Within the three “thinking spaces” of our exhibition we explore many different approaches and views on mobility.
In the thinking space Human, we highlight different aspects of human mobilities. The search for better living conditions or work opportunities or love, the need to visit relatives scattered around the world, the flight from war, violence, hunger and the consequences of climate change – all these are causes of human mobility. The countries that we come from and the ones to which we want to go, our personal financial possibilities, and our own social status all determine the mobility opportunities possessed by each of us. This is often unfair. For even in a supposedly globalised world, new borders are constantly being erected, and passport and visa requirements are being tightened.
Transport, one of the big topics of the future, has made its way into the thinking space Technology and addresses the question of how we can transform traffic in our cities, in the countryside, and to destinations far away in a manner that is not only climate-neutral but also equitable. Researchers agree that by 2050 transport must be free from fossil fuels. Since new technologies will bring about lots of changes in this area, we are interested in questions such as: how will fossil-free transport affect our everyday lives and our involvement in communal activities? And how can we achieve the transition to fossil-free transport in a way that is socially fair?
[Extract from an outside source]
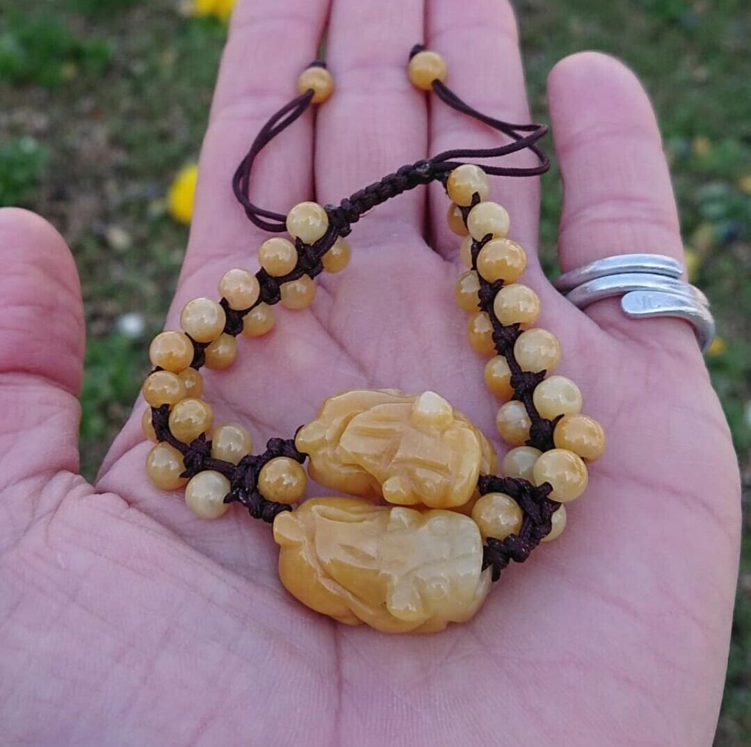 #0124 イエロージェイド 伝説の神獣 貔貅(ひきゅう)ペアブレスレット

The fact that transport is always tied up with questions of social justice is particularly noticeable when it comes to long-distance travel. After all, how many people really have the opportunity to fly long-distance? And generally: which values will be shaping our culture of travel in the future?
As of 2022, the thinking space Nature will explore how we humans influence the mobility of other living beings. Our heavy encroachment on nature – through farming, urban development or the extraction of raw materials – has far-reaching consequences: some animal species are put to flight as their habitats are circumscribed or even destroyed. Other living beings, in turn, are being dispersed as a result of the climate change caused by us humans: they descend upon new habitats and use changing living conditions to their advantage. This can rapidly change the composition and function of entire ecosystems and allow pathogens to spread more easily. Clearly, an important solution to this is to improve the conservation of nature. And overall, we must ask ourselves: what are we willing to change to give nature more space?
Like the exhibition, the analogue and digital events programme in our Forum reflects our broad understanding of mobility. For example, we developed a YouTube series in which we invite scientists every month to discuss topics ranging from the transport revolution to the mobility of knowledge and ideas.
Our Futurium Lab, by contrast, concentrates its engagement with mobility on a single area, namely urban mobility. Here our visitors are invited upfront to participate – because we think the topic of the sustainable development of mobility in cities (and in the countryside, too, of course) lends itself particularly well to this type of approach. After all, it is ultimately a matter of improving our quality of life – and that is something that concerns us all.